SOURCE MATERIAL:
■ ■ ■ ■
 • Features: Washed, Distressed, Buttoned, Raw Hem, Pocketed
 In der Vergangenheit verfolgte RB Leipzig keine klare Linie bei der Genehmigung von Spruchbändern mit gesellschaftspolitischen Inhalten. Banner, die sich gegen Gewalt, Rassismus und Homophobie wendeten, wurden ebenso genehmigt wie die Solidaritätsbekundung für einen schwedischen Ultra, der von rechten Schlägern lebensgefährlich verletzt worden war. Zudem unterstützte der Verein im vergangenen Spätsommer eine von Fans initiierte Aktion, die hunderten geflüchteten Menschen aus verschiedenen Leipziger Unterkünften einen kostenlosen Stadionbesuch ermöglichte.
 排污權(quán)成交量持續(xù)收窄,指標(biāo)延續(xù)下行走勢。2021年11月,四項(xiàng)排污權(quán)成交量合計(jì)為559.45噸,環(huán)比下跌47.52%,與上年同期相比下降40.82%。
■ ■ ■ ■
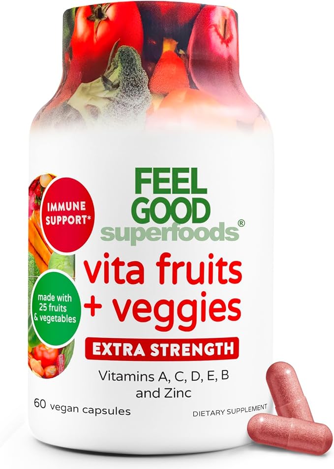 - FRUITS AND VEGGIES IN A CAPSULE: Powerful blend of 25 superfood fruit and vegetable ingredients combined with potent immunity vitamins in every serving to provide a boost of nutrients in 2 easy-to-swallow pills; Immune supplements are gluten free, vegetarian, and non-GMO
■ ■ ■ ■
WHAT YOU HAVE TO DO: The lines to extract from the data above begin with the line containing "Raw Hem, Pocketed" and end with the line containing "排污權(quán)成交量持續". Extract them exactly, including both.

RESULT BELOW:
 • Features: Washed, Distressed, Buttoned, Raw Hem, Pocketed
 In der Vergangenheit verfolgte RB Leipzig keine klare Linie bei der Genehmigung von Spruchbändern mit gesellschaftspolitischen Inhalten. Banner, die sich gegen Gewalt, Rassismus und Homophobie wendeten, wurden ebenso genehmigt wie die Solidaritätsbekundung für einen schwedischen Ultra, der von rechten Schlägern lebensgefährlich verletzt worden war. Zudem unterstützte der Verein im vergangenen Spätsommer eine von Fans initiierte Aktion, die hunderten geflüchteten Menschen aus verschiedenen Leipziger Unterkünften einen kostenlosen Stadionbesuch ermöglichte.
 排污權(quán)成交量持續(xù)收窄,指標(biāo)延續(xù)下行走勢。2021年11月,四項(xiàng)排污權(quán)成交量合計(jì)為559.45噸,環(huán)比下跌47.52%,與上年同期相比下降40.82%。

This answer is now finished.